Task to complete »
Please give the lines below again exactly as they stand, from the one that contains "从上半年的跌幅榜来看,ST长" up to and including the one that contains "Seifersdorf: Am Sonnabend", leaving all pictures out.

Data section »
- Opening Delimiter -
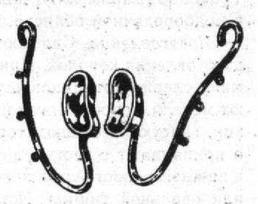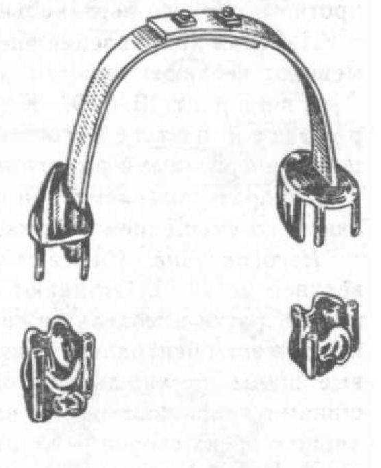 Капп о-ш т а н г о в ы й аппарат А. Л. Г р о з о вс к о г о состоит из металлических капп на зубы отломков нижней челюсти, плечевых отростков с отверстиями для винтов, двух винтов, соединенных припаянной пластинкой (рис. 75).
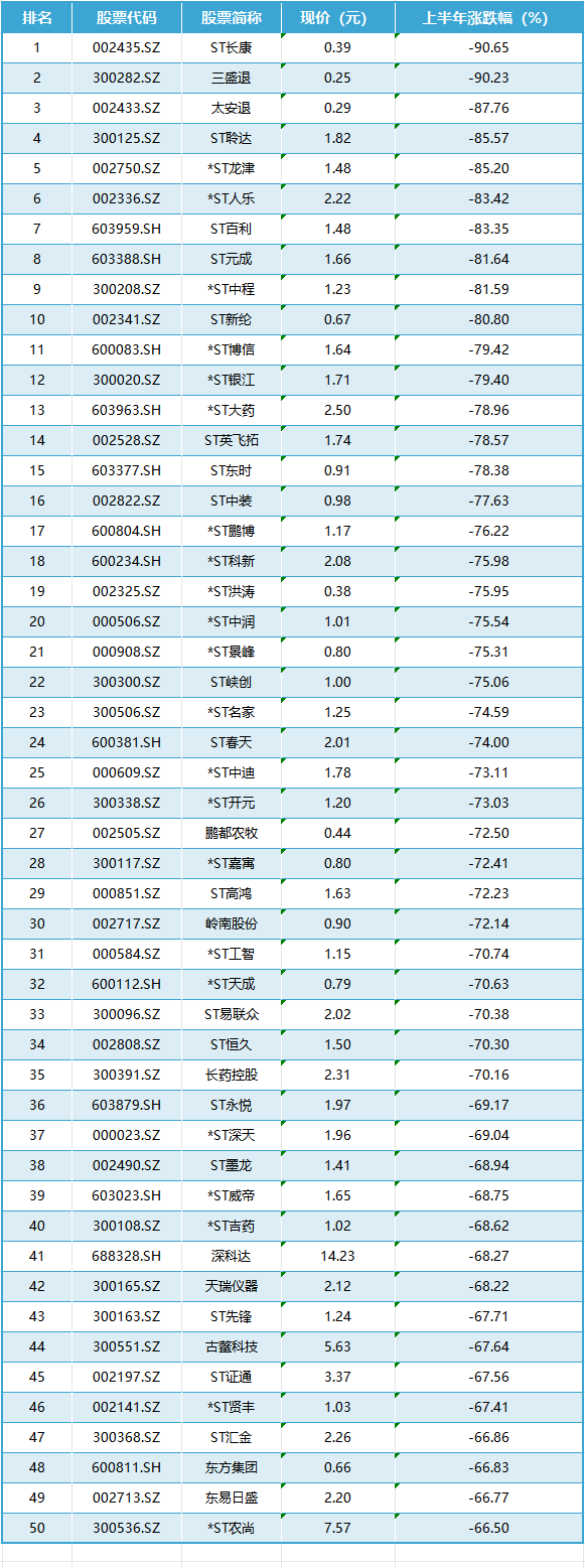 从上半年的跌幅榜来看,ST长康、三盛退、太安退、ST聆达、*ST龙津、*ST人乐、ST百利、ST元成、*ST中程、ST新纶等个股排在前列。
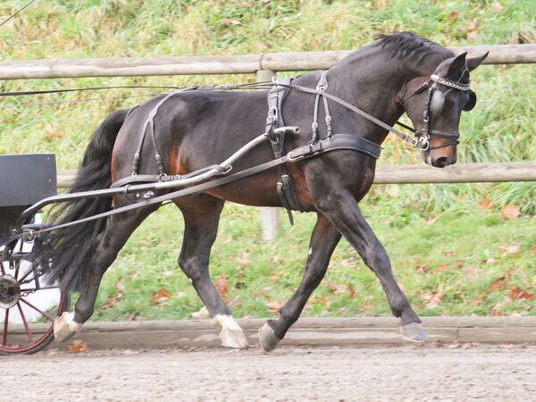Seifersdorf: Am Sonnabend fuhr der vierjährige SW-Hengst CADETT v. Celtis an den Leinen von Dirk Hofmann in der Eignungsprüfung für Fahrpferde souverän auf den 1. Platz. Das Paar erhielt die Note 7,83.
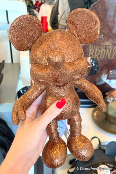We found the Belle of the Ball Bronze Mickey Plush at the Magic Kingdom today for $19.99. And as with any Disney color trend worth its pigment, there’s a TON of great merch to check out. And don’t worry — we’ll keep you up to speed with all of the Belle of the Ball Bronze treats as soon as they’re released!
- Closing Delimiter -
Response to the task »
 从上半年的跌幅榜来看,ST长康、三盛退、太安退、ST聆达、*ST龙津、*ST人乐、ST百利、ST元成、*ST中程、ST新纶等个股排在前列。
Seifersdorf: Am Sonnabend fuhr der vierjährige SW-Hengst CADETT v. Celtis an den Leinen von Dirk Hofmann in der Eignungsprüfung für Fahrpferde souverän auf den 1. Platz. Das Paar erhielt die Note 7,83.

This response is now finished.